Saturday evening dinner with friends, a party of 4.
NoN has a formal atmosphere and an impressive looking menu, but it failed to deliver in both service and in preparation and flavor. We had spotty service, with attention, followed by long gaps of inattention. I won't go into detail, but it took too long for each part of our order to be taken, too long with empty glasses on the table, too long to deliver bread (like 45 min after arriving), drinks delivered and dirty plates not removed (from a small table).
If you're going to be this formal, even bordering on stuffy, then you're going to have to hold up tour end of the bargain. NoN did not.
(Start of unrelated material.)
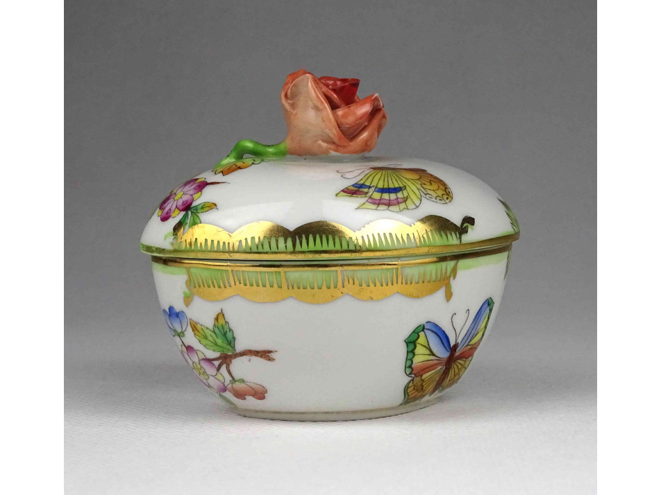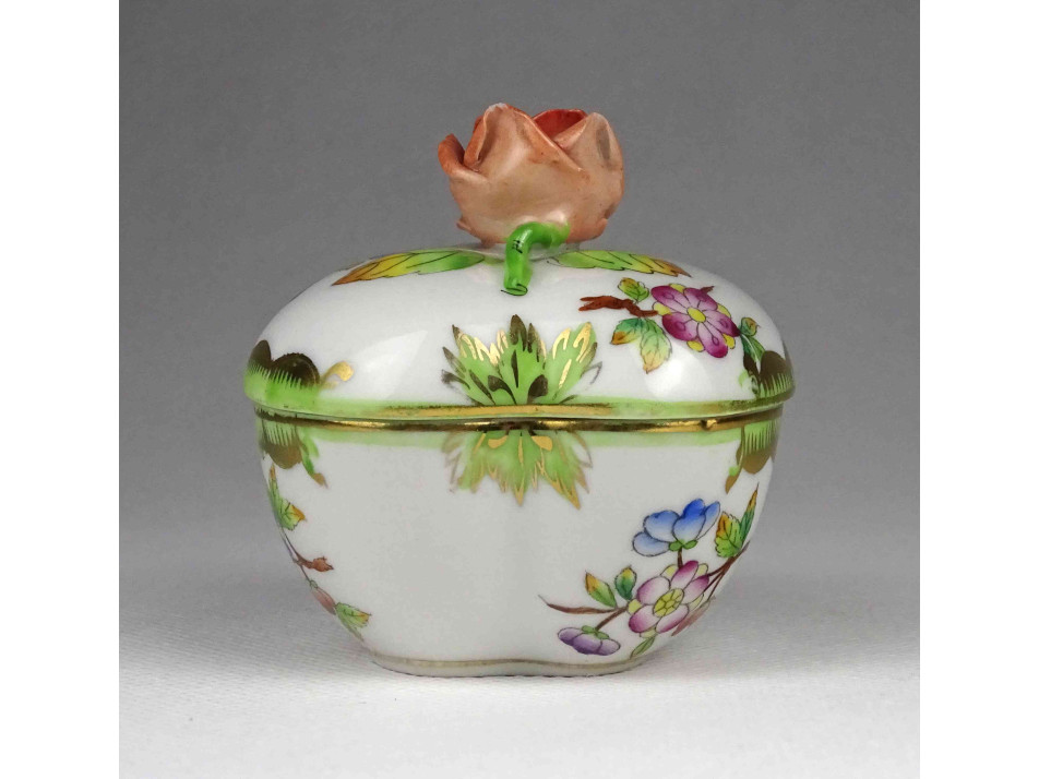 Hibátlan állapotú, Viktória mintás Herendi porcelán bonbonier, tetején rózsa fogantyúval.

Appetizer of octopus salad: Large oblong plate, with salad on one half, and a streak of sauce on the other half. Sauce was weakly flavored, and the octopus grilled to dryness. Unremarkable. The other salad was a Beet salad. Again fussy looking, but nobody commented that it was actually good tasting.
Then the mains. Pork Osso Bucco described as "maple root vegetables, porter reduction, blackberry, corn shoots" The pork was tender, but over salted, without any other contrasting notes. The root vegetables were roasted, and served with the now ubiquitous roasted kale (or was it brussels greens, I couldn't tell). No contrasting flavors, no maple, blackberry, etc. just umami roasted veg.
Now the truly telling dish. The "Daily Vegetarian Offering." A plate with rice and chick-pea mini "burger patties" that were flavorless and dried out, with just a sprinkling of greens and small potatoes for garnish. Another nondescript sauce. The waiter said it was "really good." It was not. This is always such a disappointment. If you can't cook vegetables, just say so. If it's too hard to not fall back on something with "short rib" in the name, then just fess up. We understand. Not like there aren't entire cuisines that are almost entirely vegetarian with absolutely mind-blowing flavor combinations and inventiveness. We'll just order another salad for the main, and save it for a trip to any of a dozen local Thai, Indian or Vietnamese restaurants that know how great a veg dish can be. Or, while we're at it, any one of a dozen or so new entrants to the local scene that really care about the food their serving, even the "vegetables".
Friends don't let friends take out-of-towners to NoN. Pittsburgh does so much better elsewhere.